I make myself busy dishing out the food, spoon out huge piles onto our plates. There are people who don’t eat when they are sad, who lose their appetite and get crazy skinny. My mom and I are not those people.

“I love you, Mommy,” I say. As soon as the words are out, I feel bad again, because it makes her eyes fill. I want her to know that I realize just how lucky I got in the mother department. That if I had to pick anyone in the whole world to go through this with, to have as a mom, it would be her. Only her. This is partially grief talking. Before all this, my mom often annoyed the crap out of me. She’s master of the subtle criticism disguised as a suggestion: Why don’t you straighten your hair? Don’t you think your nails would look so much better if you didn’t bite them? That shirt is a little frumpy, no? Now, though, I feel stupid for caring about that sort of thing. She could die tomorrow. “I didn’t mean to make you cry.”

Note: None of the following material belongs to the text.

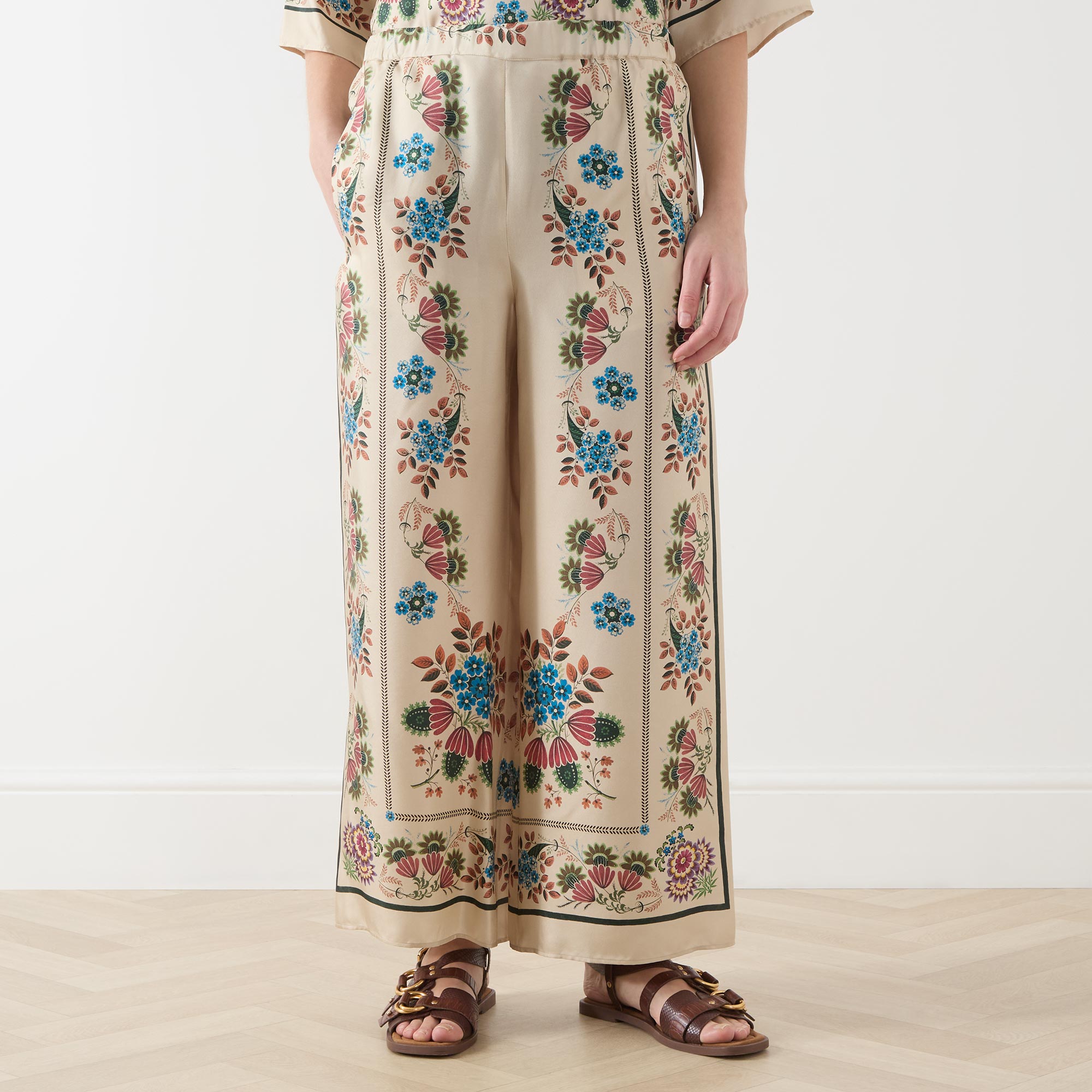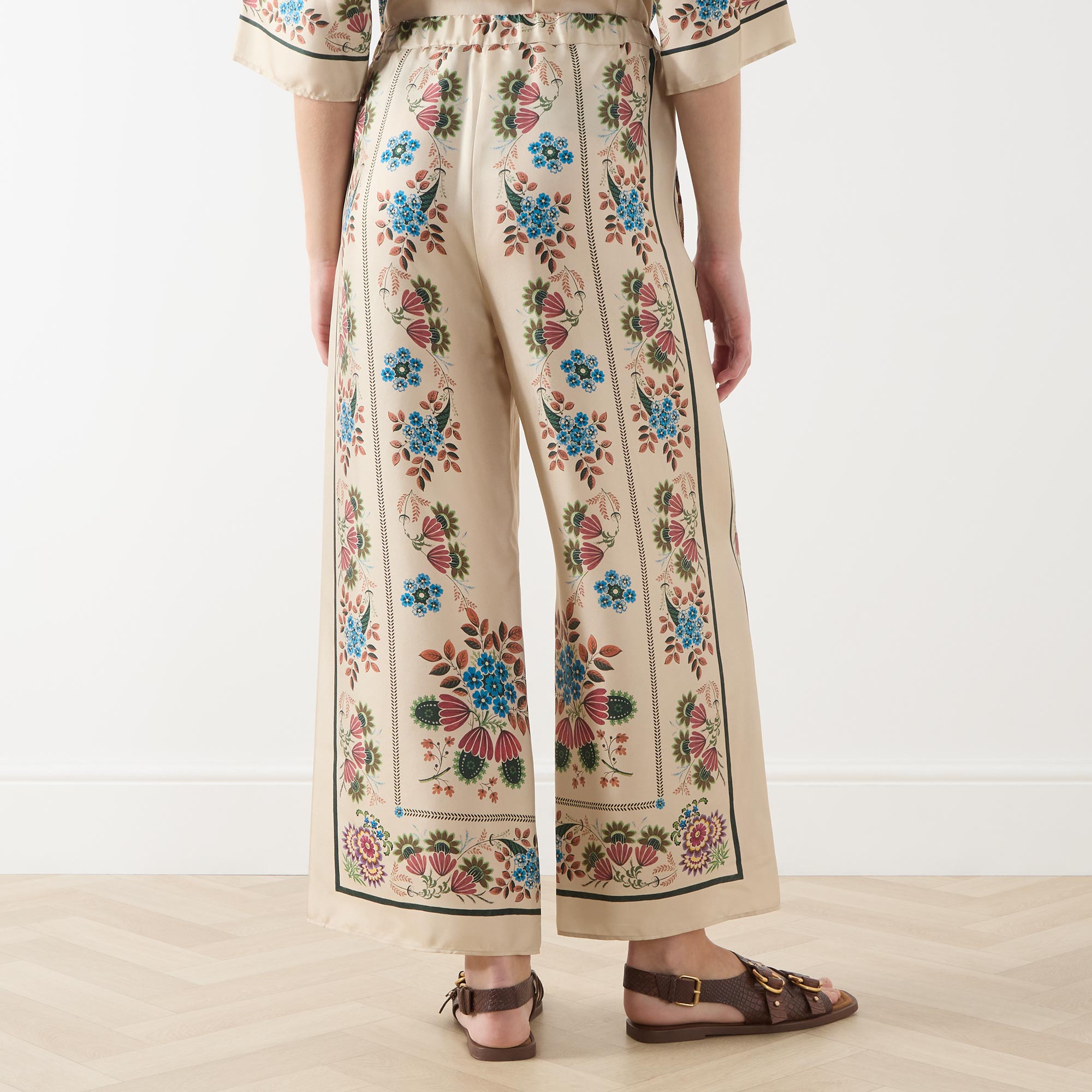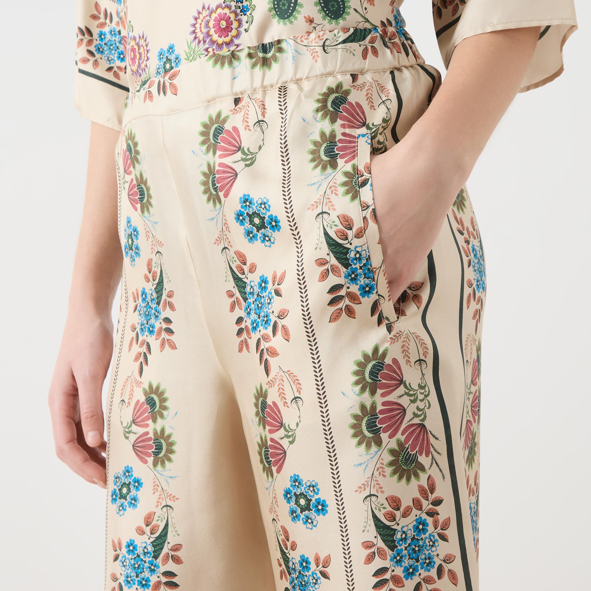 - Elasticated waistband, side entry pockets, wide-cut leg, smooth silk fabric, floral pattern
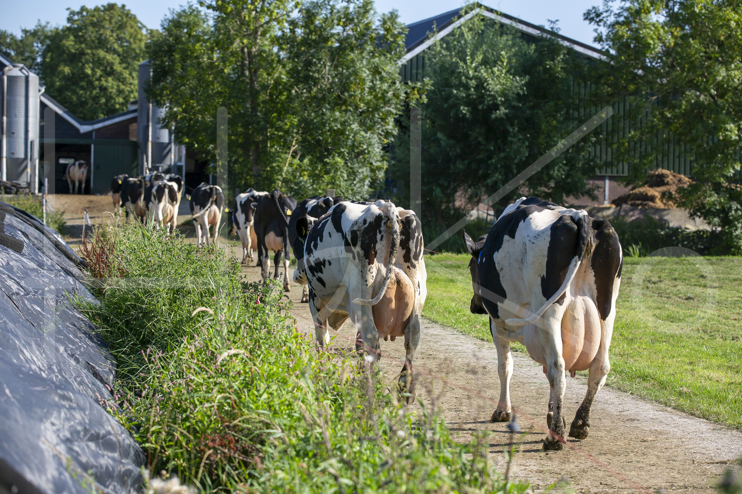 Zwartbonte koeien op weg naar de melkstal om gemolken te worden.

“No. Good crying, I promise,” she says, blotting under her eyes with a paper towel. It doesn’t look like good crying. She looks on the verge of unraveling into a mess of tears and snot. Nothing like the woman she must have been at work today: fierce and tucked-in and totally under control. “I’m just so grateful that I have you, Kit.”

I know she doesn’t mean for her words to sting, but they do.

“I’m not going anywhere,” I promise, and hold up my finger for a pinky swear.

“A whole month without him,” she says, ignoring my outstretched finger. “How is that even possible?”